Exercise data:
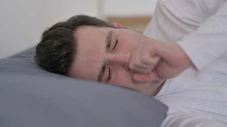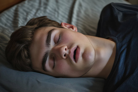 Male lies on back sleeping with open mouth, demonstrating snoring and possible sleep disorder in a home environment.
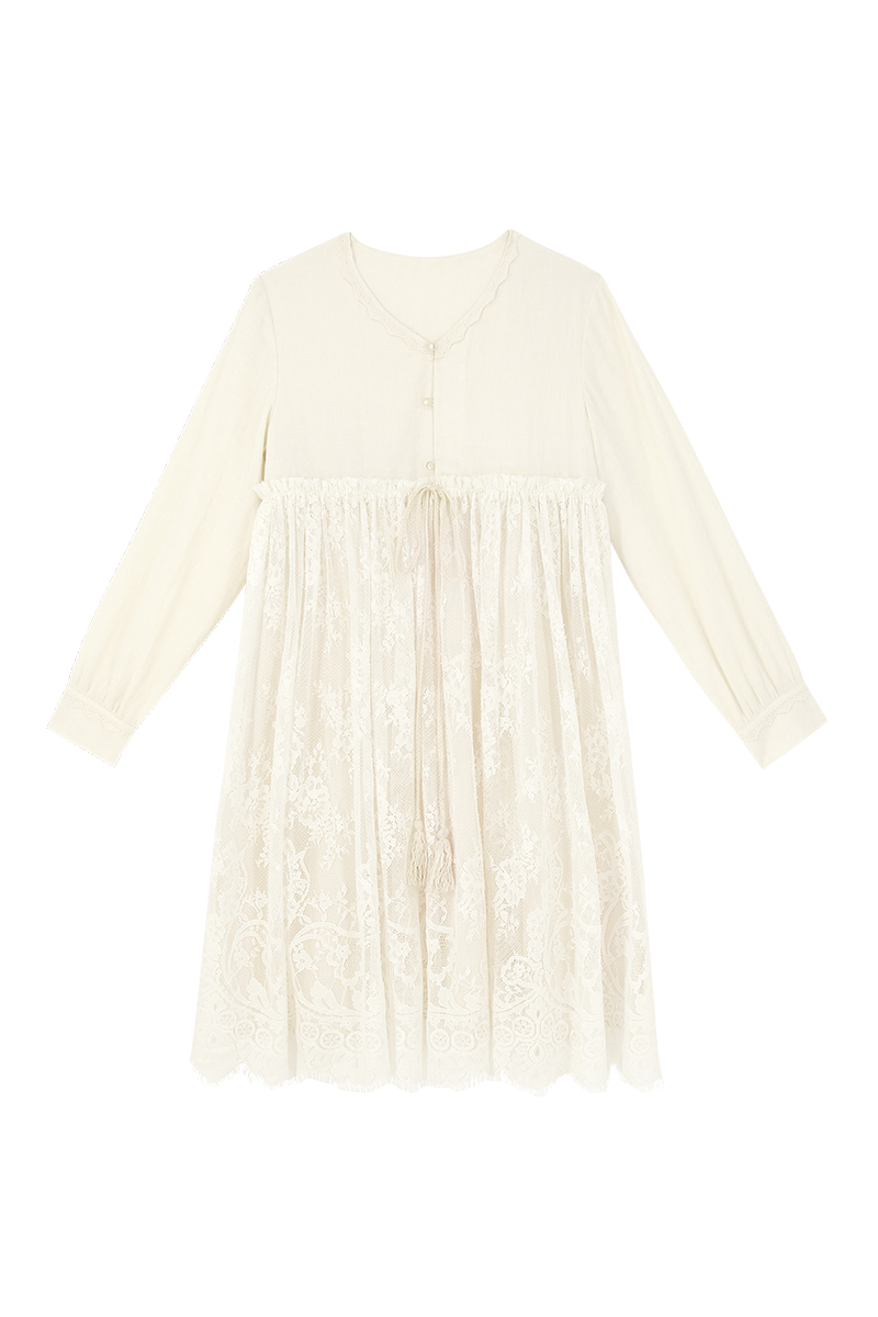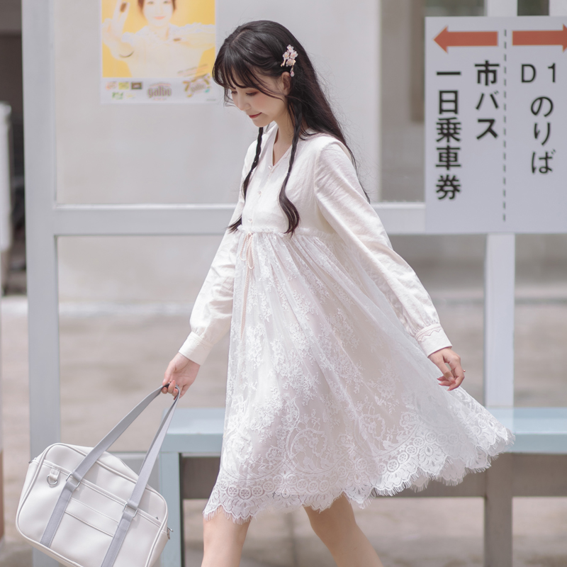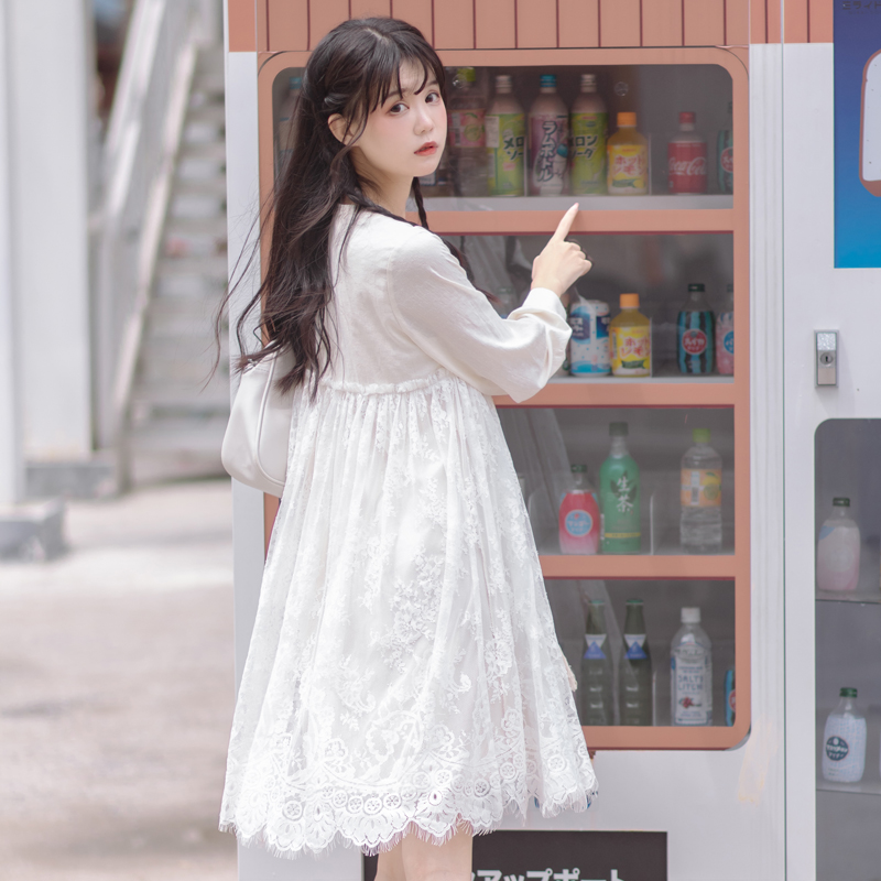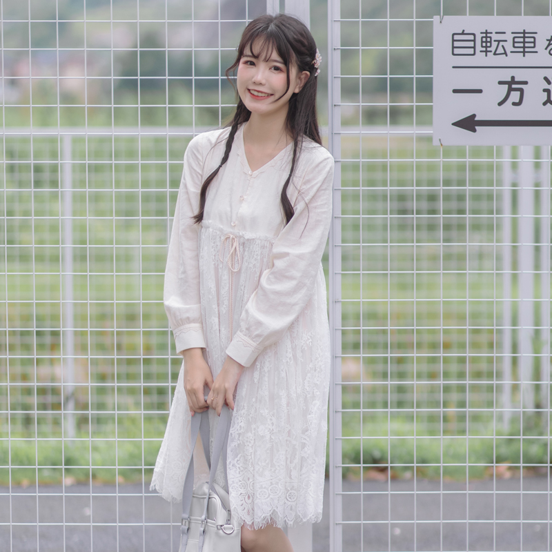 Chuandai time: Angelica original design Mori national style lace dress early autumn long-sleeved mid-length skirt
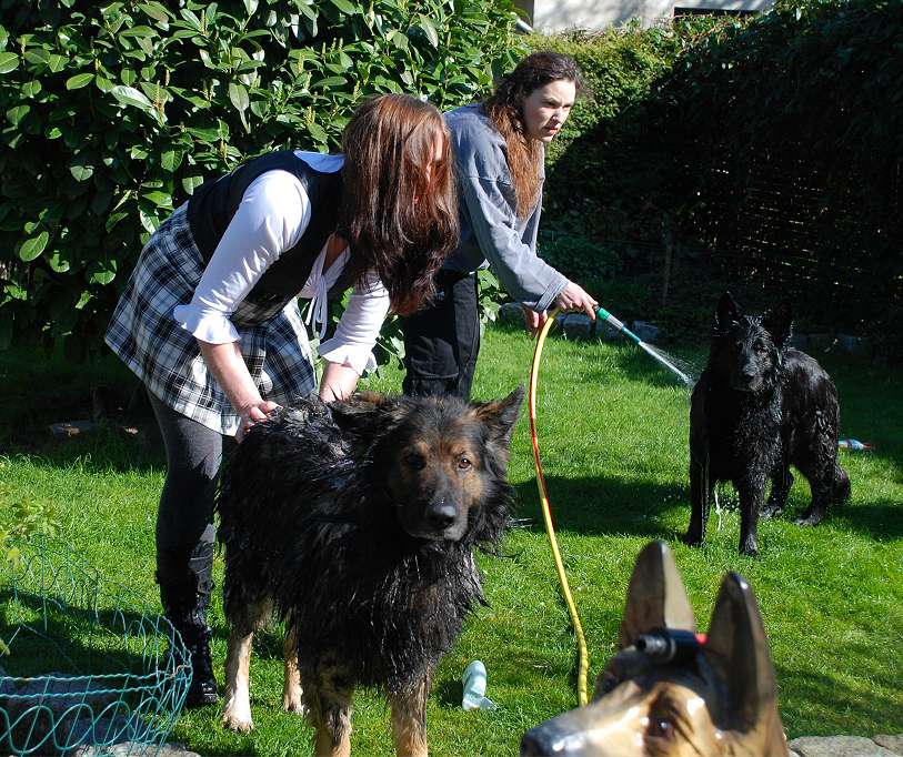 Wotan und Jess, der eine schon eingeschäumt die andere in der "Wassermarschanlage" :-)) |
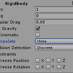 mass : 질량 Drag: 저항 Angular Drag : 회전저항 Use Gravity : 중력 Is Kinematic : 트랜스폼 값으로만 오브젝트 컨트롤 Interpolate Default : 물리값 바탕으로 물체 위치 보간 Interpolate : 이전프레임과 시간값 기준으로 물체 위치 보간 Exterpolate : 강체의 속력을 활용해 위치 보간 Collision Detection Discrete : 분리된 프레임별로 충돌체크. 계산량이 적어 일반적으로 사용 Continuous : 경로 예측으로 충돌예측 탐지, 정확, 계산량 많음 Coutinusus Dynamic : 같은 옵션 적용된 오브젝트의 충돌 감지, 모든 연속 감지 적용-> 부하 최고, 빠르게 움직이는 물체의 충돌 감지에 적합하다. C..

Work request: From the first line of the material down to the line containing "Wotan und Jess, der", inclusive, return each line exactly, skipping any picture.

Response to the exercise:
 Male lies on back sleeping with open mouth, demonstrating snoring and possible sleep disorder in a home environment.
 Chuandai time: Angelica original design Mori national style lace dress early autumn long-sleeved mid-length skirt
 Wotan und Jess, der eine schon eingeschäumt die andere in der "Wassermarschanlage" :-)) |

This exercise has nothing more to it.